A look at K-12 Tax & Spending Practices

Citizen Stewart:

When we talk dollars and cents in public education, there are a few truisms: teachers are paid too little, schools are underfunded, private and charter schools “drain” funds from traditional districts, and when schools can’t make ends meet it is the result of things done to them and never stuff they do.

The public buys that story and many in the education industry eager to supply endless examples to multiply the trope. Those of us saying school spending is at least equal to school funding as an issue are forced to wear t-shirts that say “I am the day after Christmas.”

If raising concerns about lax controls on public spending makes me December 26th, I’m okay with it.

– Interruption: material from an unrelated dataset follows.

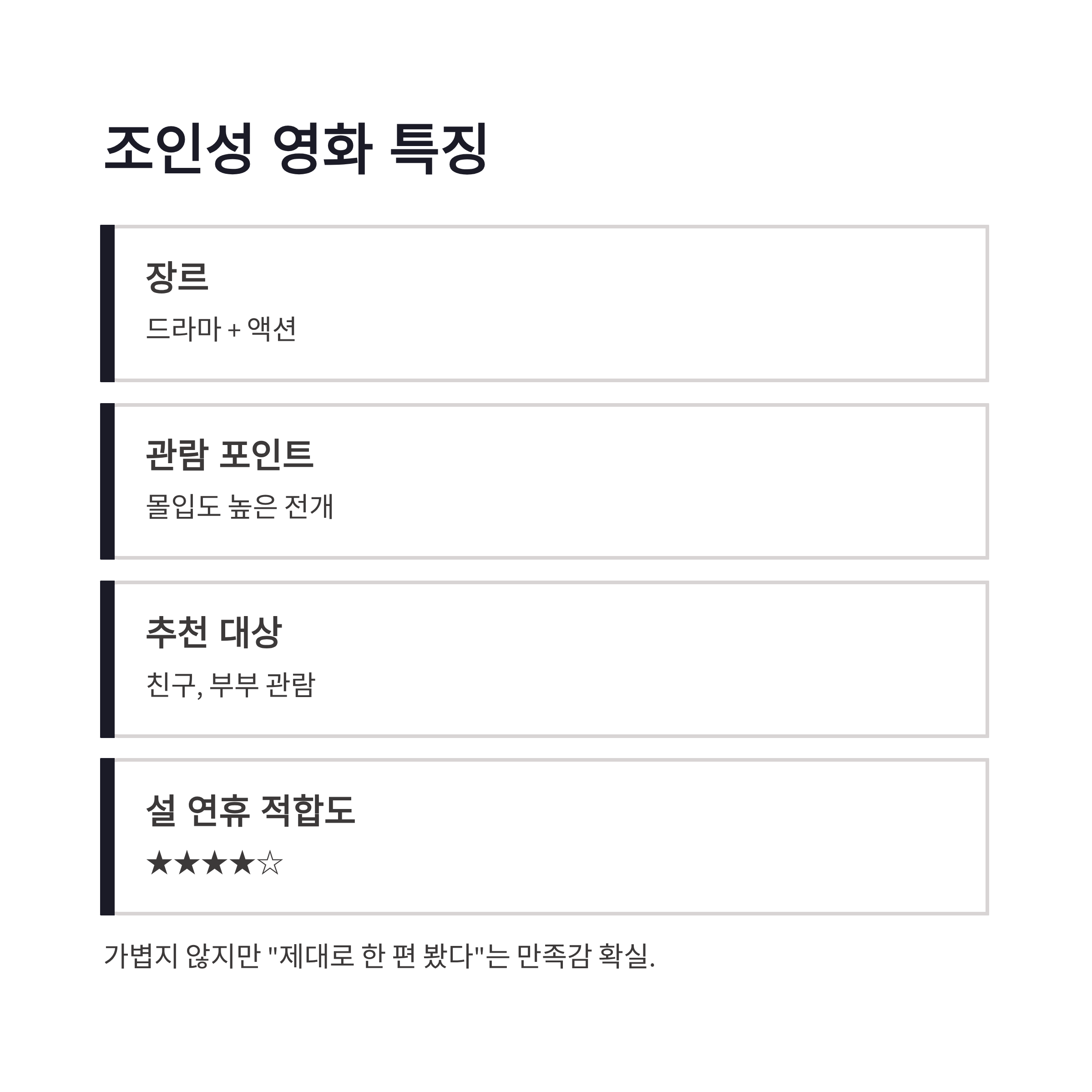 반면에 조인성 설 연휴 영화는 분위기가 확 다릅니다. 이번 설 극장가에서 가장 ‘극장용’ 느낌이 강한 작품이랄까. 화면 꽉 차는 연출, 묵직한 서사, 그리고 조인성 특유의 카리스마가 전면에 나오는 구조였어요. 아래처럼 정리해보면 느낌이 좀 오실 듯요.

There are two ways to say we need more money in education. The first is to demand taxpayers give more, and the second is to require elected officials to stop squandering what they already get.

Almost everyone has the former covered, but the latter gets crickets.

I’ve blogged and Tweeted, and begged and pleaded, about the repeating instances of poor stewardship of public dollars. I’ve talked about the millions of public dollars misspent for unneeded technology; a $72 million high school football stadium; the $152 million bill New York pays for teachers that don’t teach; the $300 million Los Angeles Unified School District paid out in sex abuse settlements; the school board that signed an irresponsible decade-long teachers’ contract with 4% raises locked in; the high school rebuild that started at $30 million for a 1,600 seat school but ballooned to $250 million due to poor planning and limp oversight; or the school district under scrutiny for waste and “cronyism” in its $300 million bonding program.